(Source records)
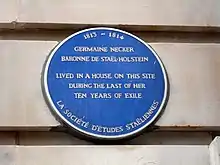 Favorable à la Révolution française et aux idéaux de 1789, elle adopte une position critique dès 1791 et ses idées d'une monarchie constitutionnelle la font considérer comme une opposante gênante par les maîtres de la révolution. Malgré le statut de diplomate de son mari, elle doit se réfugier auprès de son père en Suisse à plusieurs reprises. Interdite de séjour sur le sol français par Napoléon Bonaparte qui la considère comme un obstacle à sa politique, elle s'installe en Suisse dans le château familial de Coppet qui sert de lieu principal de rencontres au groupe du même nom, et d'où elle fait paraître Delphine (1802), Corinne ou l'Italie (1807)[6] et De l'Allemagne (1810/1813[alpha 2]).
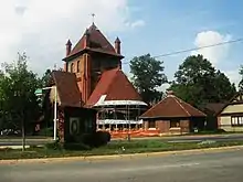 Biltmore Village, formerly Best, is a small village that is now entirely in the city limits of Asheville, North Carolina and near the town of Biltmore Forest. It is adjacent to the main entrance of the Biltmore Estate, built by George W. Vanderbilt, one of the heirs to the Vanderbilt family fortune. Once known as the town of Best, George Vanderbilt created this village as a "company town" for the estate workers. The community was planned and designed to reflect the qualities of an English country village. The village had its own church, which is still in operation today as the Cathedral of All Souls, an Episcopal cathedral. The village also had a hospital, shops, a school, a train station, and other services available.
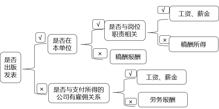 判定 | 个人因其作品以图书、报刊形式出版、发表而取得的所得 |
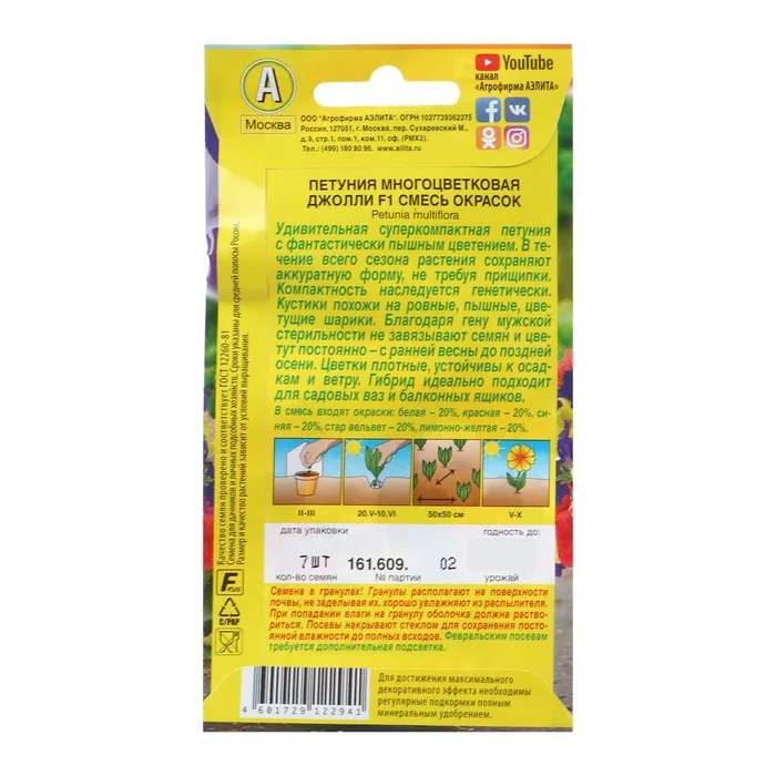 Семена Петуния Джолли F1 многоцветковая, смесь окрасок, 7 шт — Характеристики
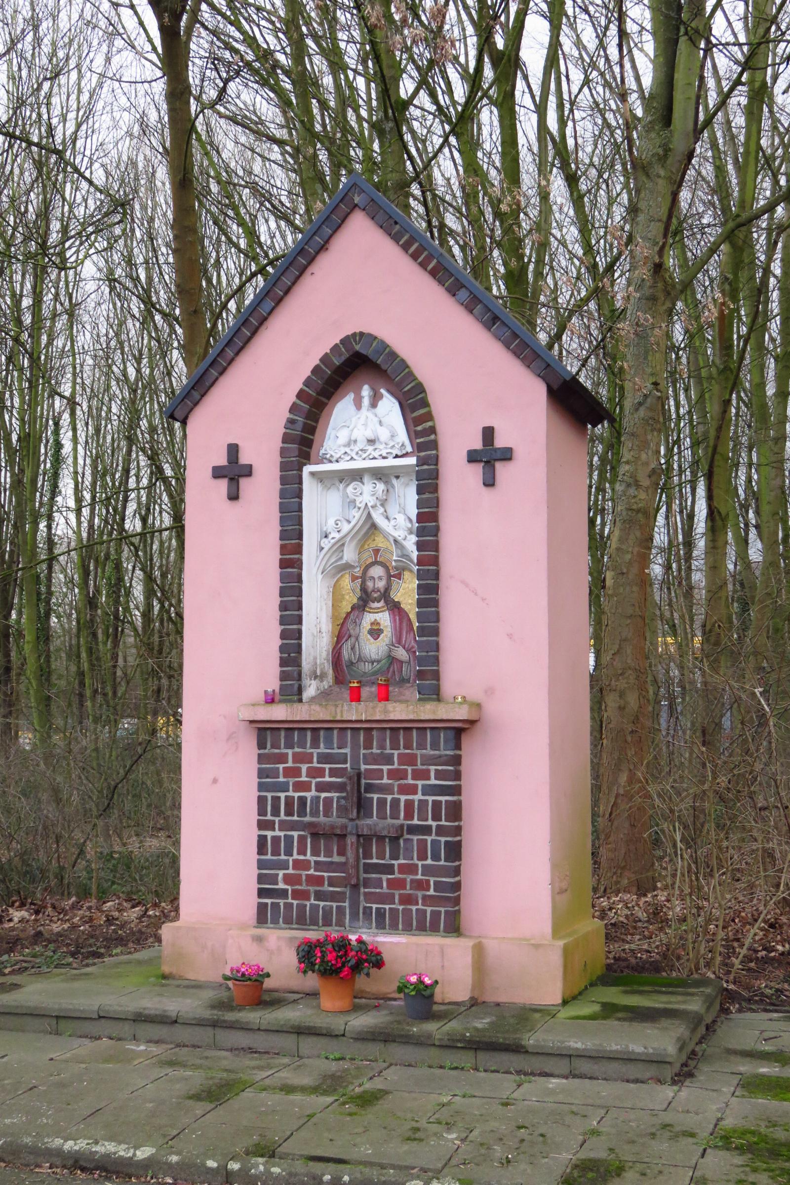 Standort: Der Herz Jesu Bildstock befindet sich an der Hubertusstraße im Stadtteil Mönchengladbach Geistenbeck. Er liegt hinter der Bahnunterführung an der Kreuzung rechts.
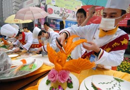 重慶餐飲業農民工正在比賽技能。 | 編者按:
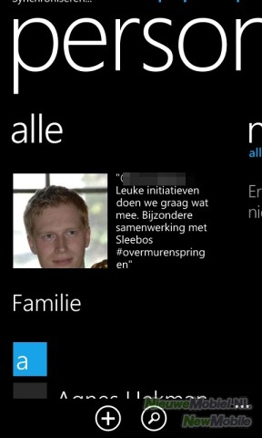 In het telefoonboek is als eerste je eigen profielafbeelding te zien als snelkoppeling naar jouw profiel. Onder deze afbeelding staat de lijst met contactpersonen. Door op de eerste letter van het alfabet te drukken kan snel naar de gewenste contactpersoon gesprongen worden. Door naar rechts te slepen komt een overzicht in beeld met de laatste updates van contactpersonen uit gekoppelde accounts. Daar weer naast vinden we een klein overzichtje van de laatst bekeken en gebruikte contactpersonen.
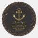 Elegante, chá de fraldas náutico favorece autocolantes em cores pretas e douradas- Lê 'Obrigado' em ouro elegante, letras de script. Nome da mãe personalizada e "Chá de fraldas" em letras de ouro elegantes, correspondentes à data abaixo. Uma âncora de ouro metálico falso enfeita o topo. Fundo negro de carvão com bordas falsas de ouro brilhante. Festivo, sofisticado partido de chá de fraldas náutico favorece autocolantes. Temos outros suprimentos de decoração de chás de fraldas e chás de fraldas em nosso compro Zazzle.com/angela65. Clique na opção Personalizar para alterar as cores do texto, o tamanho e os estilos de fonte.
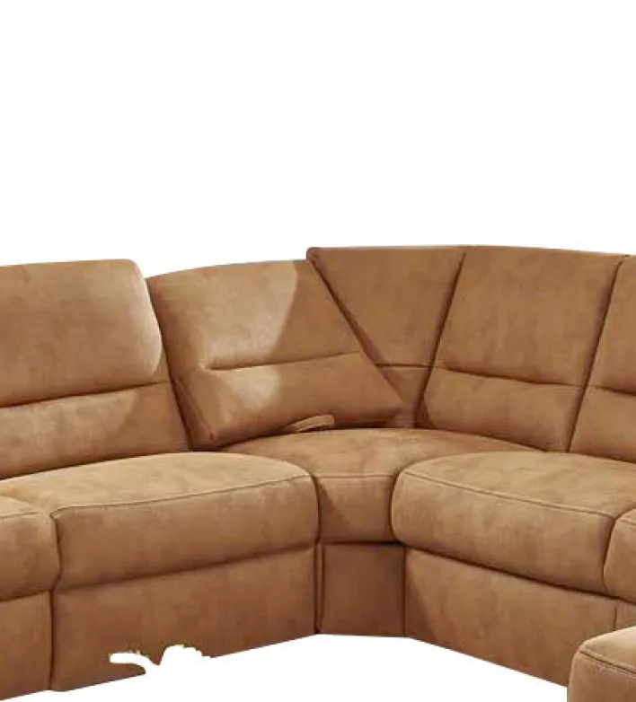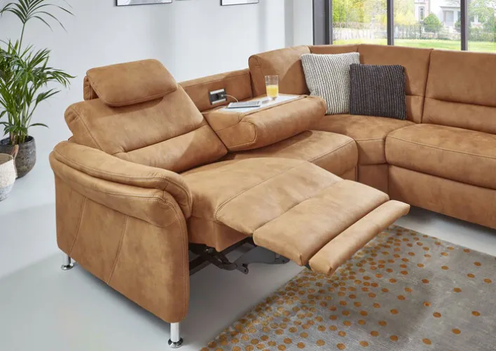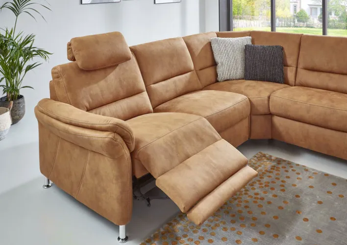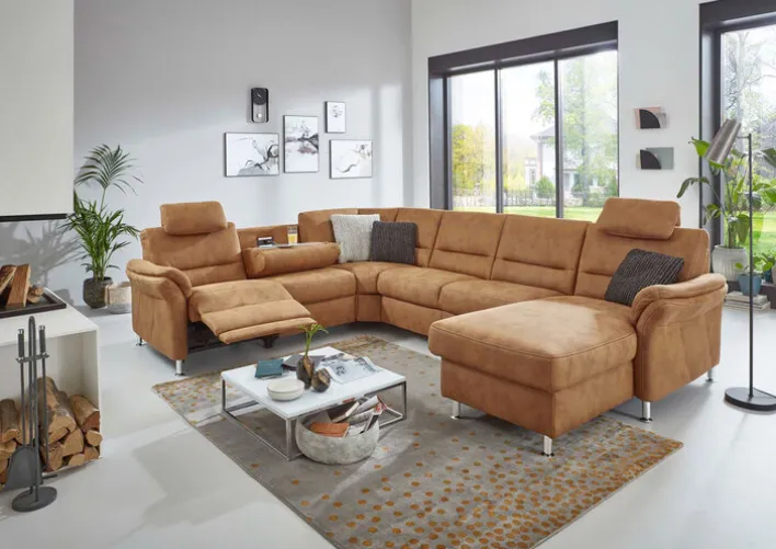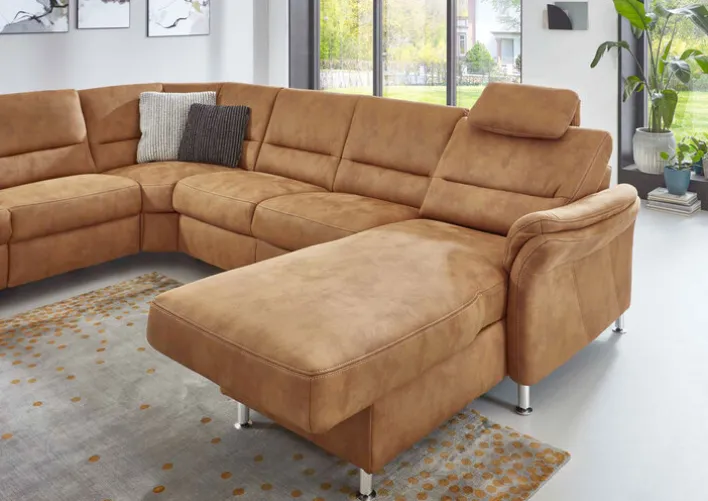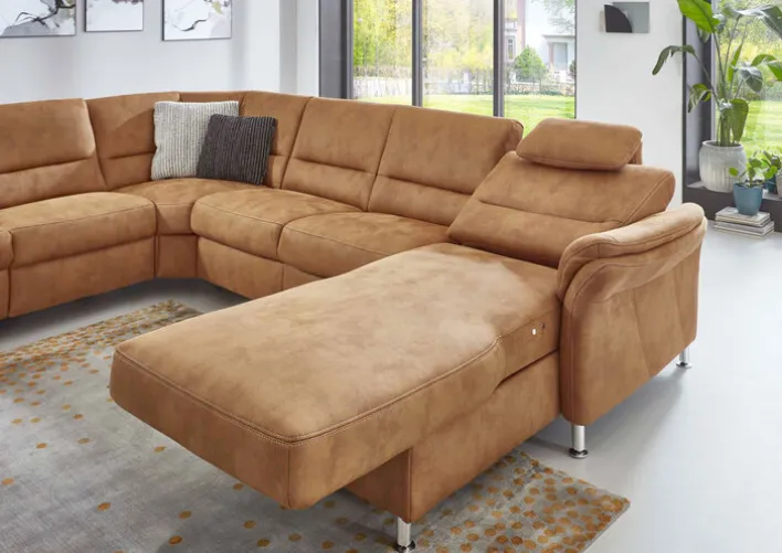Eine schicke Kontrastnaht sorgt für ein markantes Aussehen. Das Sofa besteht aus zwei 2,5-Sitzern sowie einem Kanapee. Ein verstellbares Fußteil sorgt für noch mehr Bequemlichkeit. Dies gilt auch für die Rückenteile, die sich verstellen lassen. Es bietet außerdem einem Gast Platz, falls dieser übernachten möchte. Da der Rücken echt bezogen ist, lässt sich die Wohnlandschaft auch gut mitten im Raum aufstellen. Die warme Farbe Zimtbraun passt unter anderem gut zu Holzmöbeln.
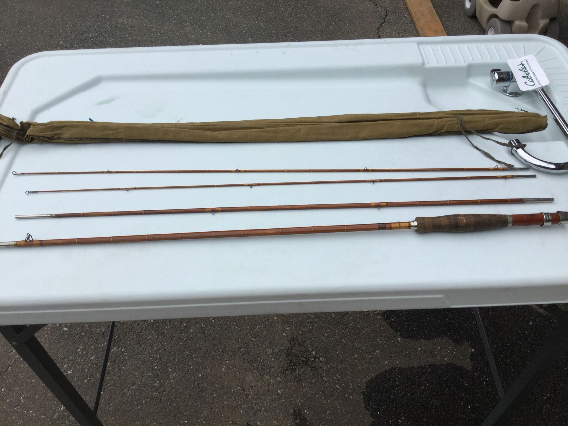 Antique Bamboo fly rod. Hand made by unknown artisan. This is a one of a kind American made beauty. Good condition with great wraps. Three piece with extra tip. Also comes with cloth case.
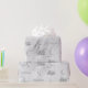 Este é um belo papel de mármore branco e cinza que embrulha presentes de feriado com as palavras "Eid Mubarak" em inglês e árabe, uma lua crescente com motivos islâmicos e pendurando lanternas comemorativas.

◆ What to do
The records above must be repeated in full and exactly, but without any of the pictures.

◆ Result below
 Favorable à la Révolution française et aux idéaux de 1789, elle adopte une position critique dès 1791 et ses idées d'une monarchie constitutionnelle la font considérer comme une opposante gênante par les maîtres de la révolution. Malgré le statut de diplomate de son mari, elle doit se réfugier auprès de son père en Suisse à plusieurs reprises. Interdite de séjour sur le sol français par Napoléon Bonaparte qui la considère comme un obstacle à sa politique, elle s'installe en Suisse dans le château familial de Coppet qui sert de lieu principal de rencontres au groupe du même nom, et d'où elle fait paraître Delphine (1802), Corinne ou l'Italie (1807)[6] et De l'Allemagne (1810/1813[alpha 2]).
 Biltmore Village, formerly Best, is a small village that is now entirely in the city limits of Asheville, North Carolina and near the town of Biltmore Forest. It is adjacent to the main entrance of the Biltmore Estate, built by George W. Vanderbilt, one of the heirs to the Vanderbilt family fortune. Once known as the town of Best, George Vanderbilt created this village as a "company town" for the estate workers. The community was planned and designed to reflect the qualities of an English country village. The village had its own church, which is still in operation today as the Cathedral of All Souls, an Episcopal cathedral. The village also had a hospital, shops, a school, a train station, and other services available.
 判定 | 个人因其作品以图书、报刊形式出版、发表而取得的所得 |
 Семена Петуния Джолли F1 многоцветковая, смесь окрасок, 7 шт — Характеристики
 Standort: Der Herz Jesu Bildstock befindet sich an der Hubertusstraße im Stadtteil Mönchengladbach Geistenbeck. Er liegt hinter der Bahnunterführung an der Kreuzung rechts.
 重慶餐飲業農民工正在比賽技能。 | 編者按:
 In het telefoonboek is als eerste je eigen profielafbeelding te zien als snelkoppeling naar jouw profiel. Onder deze afbeelding staat de lijst met contactpersonen. Door op de eerste letter van het alfabet te drukken kan snel naar de gewenste contactpersoon gesprongen worden. Door naar rechts te slepen komt een overzicht in beeld met de laatste updates van contactpersonen uit gekoppelde accounts. Daar weer naast vinden we een klein overzichtje van de laatst bekeken en gebruikte contactpersonen.
 Elegante, chá de fraldas náutico favorece autocolantes em cores pretas e douradas- Lê 'Obrigado' em ouro elegante, letras de script. Nome da mãe personalizada e "Chá de fraldas" em letras de ouro elegantes, correspondentes à data abaixo. Uma âncora de ouro metálico falso enfeita o topo. Fundo negro de carvão com bordas falsas de ouro brilhante. Festivo, sofisticado partido de chá de fraldas náutico favorece autocolantes. Temos outros suprimentos de decoração de chás de fraldas e chás de fraldas em nosso compro Zazzle.com/angela65. Clique na opção Personalizar para alterar as cores do texto, o tamanho e os estilos de fonte.
Eine schicke Kontrastnaht sorgt für ein markantes Aussehen. Das Sofa besteht aus zwei 2,5-Sitzern sowie einem Kanapee. Ein verstellbares Fußteil sorgt für noch mehr Bequemlichkeit. Dies gilt auch für die Rückenteile, die sich verstellen lassen. Es bietet außerdem einem Gast Platz, falls dieser übernachten möchte. Da der Rücken echt bezogen ist, lässt sich die Wohnlandschaft auch gut mitten im Raum aufstellen. Die warme Farbe Zimtbraun passt unter anderem gut zu Holzmöbeln.
 Antique Bamboo fly rod. Hand made by unknown artisan. This is a one of a kind American made beauty. Good condition with great wraps. Three piece with extra tip. Also comes with cloth case.
 Este é um belo papel de mármore branco e cinza que embrulha presentes de feriado com as palavras "Eid Mubarak" em inglês e árabe, uma lua crescente com motivos islâmicos e pendurando lanternas comemorativas.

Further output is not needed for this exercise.